2
$\begingroup$

Let $R$ be a commutative ring with unity , I know that assuming axiom of choice , if $A$ is the set of all zero divisors (including $0$ ) then it is a union of prime ideals so it contains a prime ideal . Can we prove , without choice , that the set of all zero divisors(including $0$ ) of a commutative ring with unity contains a prime ideal ? Is it equivalent with axiom of choice ?

$\endgroup$
  • $\begingroup$ You should at least assume that the ring has prime ideals, or any axiom that shows existence of prime ideals, c.f. this, e.g.. $\endgroup$ – Ben May 14 '15 at 16:19
  • $\begingroup$ @Ben : But does the fact that the set of all zero divisors is a union of prime ideals follows from cohen's result from multiplicative sets ? $\endgroup$ – user228168 May 14 '15 at 16:29
  • $\begingroup$ Yes, it does.
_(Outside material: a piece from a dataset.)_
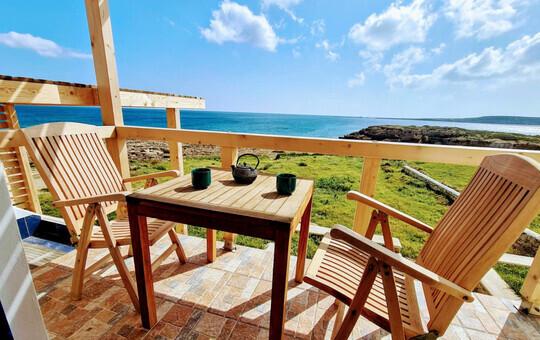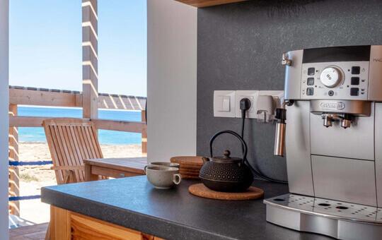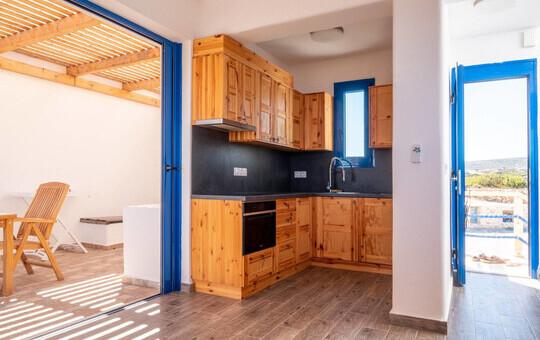 Moderne Ferienhäuser direkt an der Devils Bay, nur wenige Schritte zum Meltemi Windsurfing Center.

The subset $S\subset R$ consisting of all the non-zero divisors is closed under multiplication and contains one. Since any zero divisor $r\in R$ generates an ideal $Rr$ disjoint from $S$, Cohens theorem gives a prime ideal $\mathfrak{p}\subset R-S$ containing $r$. Thus, the set of all zero-divisors is the union of all these primes. $\endgroup$ – Ben May 14 '15 at 17:06
  • $\begingroup$ @saundev you are disregarding the use of cohen's lemma since it uses the axiom of choice, right? Actually, it may be the case that cohens lemma is equivalent to something weaker.... $\endgroup$ – rschwieb May 15 '15 at 2:32
2
$\begingroup$

The comment of rschwieb made me think it's time put everything together.

The statement

A) The set of zero divisors of a commutative ring is the union of prime ideals.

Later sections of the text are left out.